Le saint bâton qui arrête les conflits
Une des traditions les plus intéressantes est liée à un objet rituel appelé CyniquesC'est un beau bâton que Mère remet à sa fille le jour de son mariage.
Cet objet n'est pas simplement symbolique. Il représente un signe puissant de la dignité et des droits des femmes dans la communauté.
La femme qui garde Cynice jouit d'une autorité morale. Si un conflit se produit entre les hommes, il peut soulever cette verge comme un signe qui exige la fin de la violence et un retour à la paix. Cette coutume est profondément enracinée dans les règles sociales d'Orovo et est souvent citée comme un exemple du rôle fort des femmes dans le maintien de l'harmonie dans la communauté.
Les femmes Oromo expriment leur fierté dans leur identité surtout pendant le festival IreechaUne grande fête de remerciements pour la nature et la vie.
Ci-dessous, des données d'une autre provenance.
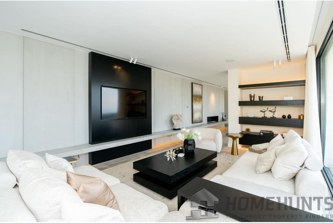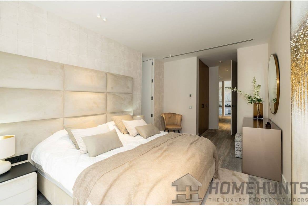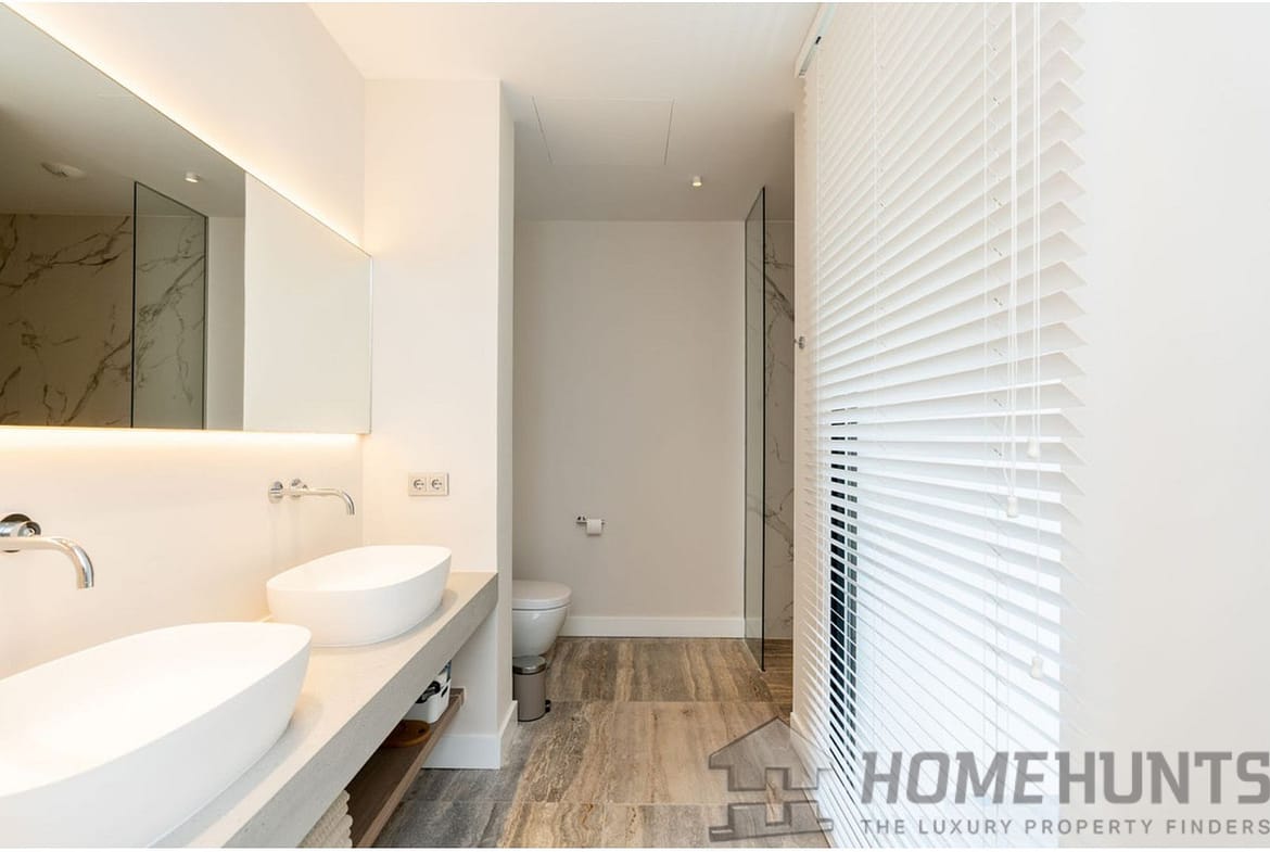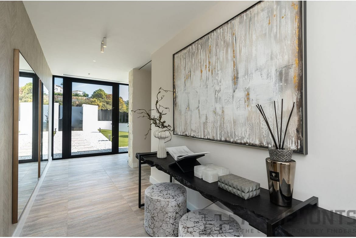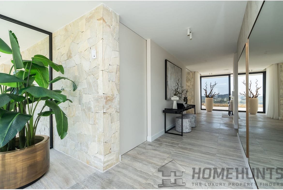 On the ground level there is a large hallway with a fully equipped utility room. The dining room, lounge area and high-end kitchen have access to the terraces where you will find a heated pool and a fire pit area when you can enjoy the spectacular sun sets over the sea and mountains.On this level there are 2 bedrooms both with fitted wardrobes and en-suite bathrooms.
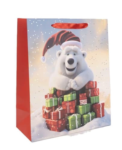 Vidám karácsonyi ajándéktasak jegesmedve mintával, havas, ünnepi hangulatban. Kiváló választás kisebb ajándékok csomagolásához.
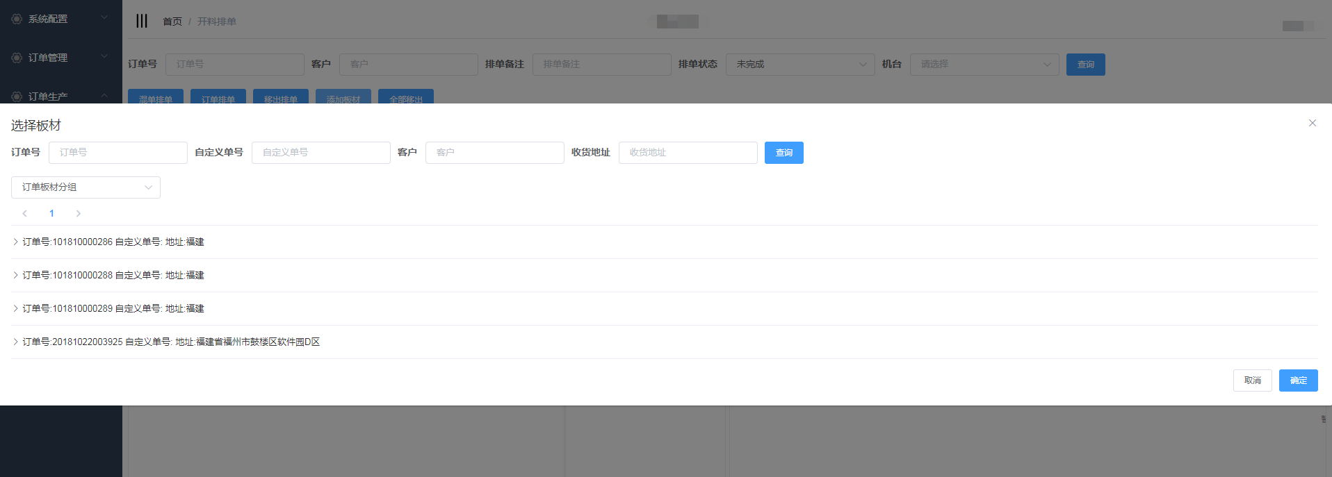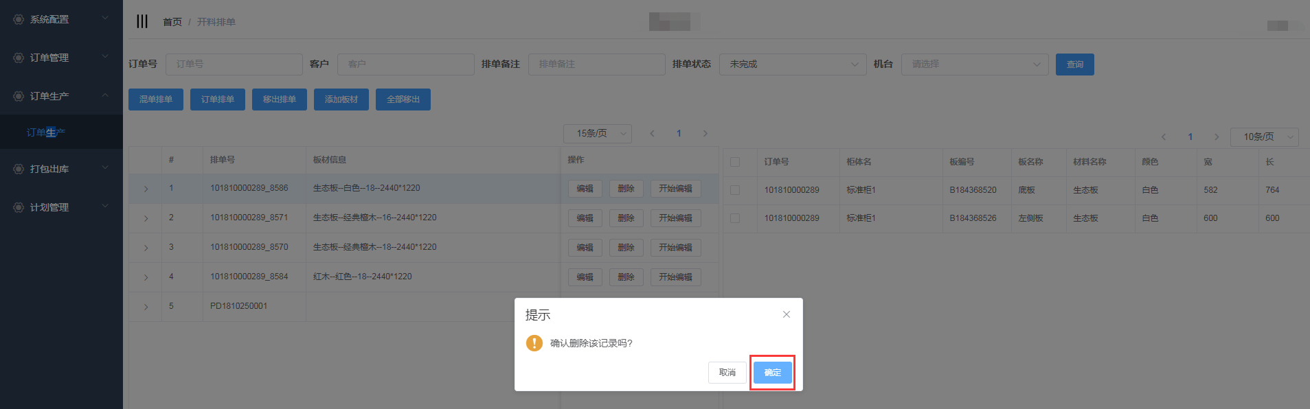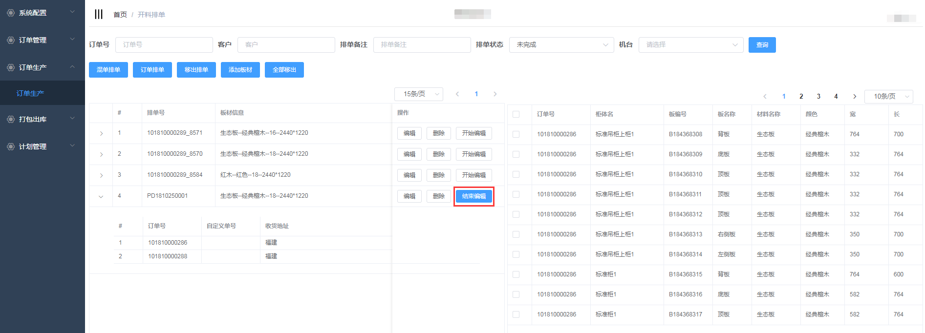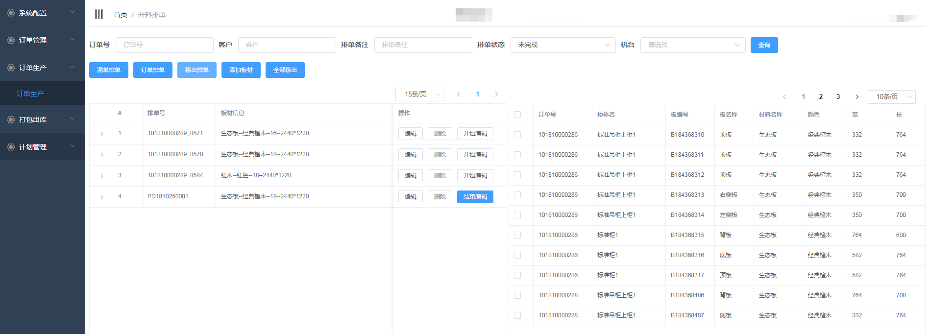 排单新增成功,会自动生成排单号,并且在开料排单界面显示(新增的混单排单需要手动添加板材)

Avec des chansons, des danses et des vêtements colorés traditionnels, ils célèbrent le patrimoine culturel et de solides liens communautaires.

Rôle économique et social
Dans la société Oromo, le rôle de la femme dépasse les frontières de la maison. Les femmes participent activement à l'agriculture, travaillent sur la terre et s'occupent des cultures qui fournissent de la nourriture familiale.
Beaucoup s'engagent également dans le commerce local, vendent des produits sur les marchés et contribuent de façon importante à la vie économique communautaire.
Les femmes dans les structures sociales et politiques ont également un rôle important à jouer. Dans le système traditionnel de gouvernement appelé Gada, ils agissent souvent comme médiateurs pour résoudre les différends et comme gardiens des valeurs culturelles qui vont de génération en génération.

Légende de la Reine Akcoo Manooye
Une histoire spéciale est conservée dans la tradition du sous-groupe Oromo connu sous le nom de peuple Guji. La reine est mentionnée dans leurs légendes Akcoo ManualyeUn souverain qui symbolise le renversement des rôles sociaux.
Selon les aveux, les hommes pendant son règne s'occupent des tâches ménagères et des enfants, tandis que les femmes ont le pouvoir politique et décident du sort de la communauté.
La légende dit que la reine a placé des tâches presque impossibles sur les hommes. Selon la confession, les hommes ont finalement organisé un plan contre elle: Ils ont creusé une fosse profonde et l'ont couverte de peau animale, sur laquelle ils ont établi son trône. Lorsqu'elle s'assit, elle tomba dans la fosse, mais avant de disparaître, on lui dit qu'elle aurait laissé les femmes de la tribu avec un dernier message - pour n'accepter que l'autorité des hommes.

Aujourd'hui encore, cette histoire reste un symbole de la solidarité et de la force des femmes. En temps de sécheresse ou de difficultés, les femmes de la communauté se rassemblent sous des arbres saints MokconisaElle est traditionnellement liée à la mémoire de la reine. Là, ils chantent, prient et accomplissent des rituels pour demander la pluie et renforcer le sentiment de la communauté.
Ainsi, dans la culture oromo, la beauté, la sagesse et la force des femmes continuent d'être transmises de génération en génération, restant l'un des piliers les plus importants de l'identité de ce peuple.